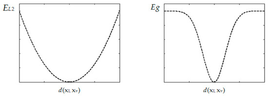 where and are the infrared and the visible feature points in the match, respectively. is the distance of the point pair transformed by the current matrix , and represents the descriptor similarity calculated by Equation (1). represents a range parameter, and is a balanced factor which controls the trade-off between spatial and attribute distances of the match. With the Gaussian criterion, we can together consider the matching metric and the homography adaptability of the match. When the reservoir is filled, the K-means algorithm [29] is used to divide all matches into two groups (inliers and outliers) according to their Gaussian distances. For a new match, we will randomly pick one of the outliers and replace it. To show the robustness of Gaussian distance, Figure 2 shows the curves of distance () and Gaussian distance (). We see that using the Gaussian distance makes inlier and outlier division become more easy.
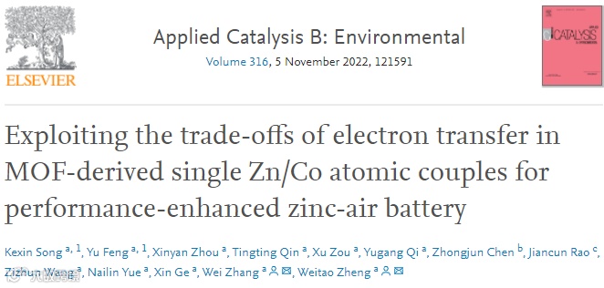 基于此,吉林大学的郑伟涛教授团队张伟教授在国际知名期刊Appl. Catal. B上发表题为“Exploiting the trade-offs of electron transfer in MOF-derived single Zn/Co atomic couples for performance-enhanced zinc-air battery”的研究论文。
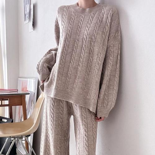 [다잇템]여자 니트투피스 벌룬 꽈배기 니트 통바지 세트 (19369703A)
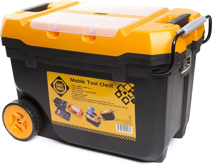 Forte Tools TK-28 to wytrzymała plastikowa skrzynka narzędziowa o dużym rozmiarze. Na 2 kołach, przeznaczona do przechowywania i transportowania narzędzi ręcznych oraz drobnych elektronarzędzi, akcesoriów, elementów mocujących itp. Zapewnia ochronę przed uszkodzeniami mechanicznymi, a jednocześnie posiada dużą pojemność przestrzeni wewnętrznej do organizacji narzędzi w warsztacie, garażu czy na placu budowy.

=======

- **What this task involves**: Please output the listing above in full, exactly as given, without its images.

- **Finished task**:
 where and are the infrared and the visible feature points in the match, respectively. is the distance of the point pair transformed by the current matrix , and represents the descriptor similarity calculated by Equation (1). represents a range parameter, and is a balanced factor which controls the trade-off between spatial and attribute distances of the match. With the Gaussian criterion, we can together consider the matching metric and the homography adaptability of the match. When the reservoir is filled, the K-means algorithm [29] is used to divide all matches into two groups (inliers and outliers) according to their Gaussian distances. For a new match, we will randomly pick one of the outliers and replace it. To show the robustness of Gaussian distance, Figure 2 shows the curves of distance () and Gaussian distance (). We see that using the Gaussian distance makes inlier and outlier division become more easy.
 基于此,吉林大学的郑伟涛教授团队张伟教授在国际知名期刊Appl. Catal. B上发表题为“Exploiting the trade-offs of electron transfer in MOF-derived single Zn/Co atomic couples for performance-enhanced zinc-air battery”的研究论文。
 [다잇템]여자 니트투피스 벌룬 꽈배기 니트 통바지 세트 (19369703A)
 Forte Tools TK-28 to wytrzymała plastikowa skrzynka narzędziowa o dużym rozmiarze. Na 2 kołach, przeznaczona do przechowywania i transportowania narzędzi ręcznych oraz drobnych elektronarzędzi, akcesoriów, elementów mocujących itp. Zapewnia ochronę przed uszkodzeniami mechanicznymi, a jednocześnie posiada dużą pojemność przestrzeni wewnętrznej do organizacji narzędzi w warsztacie, garażu czy na placu budowy.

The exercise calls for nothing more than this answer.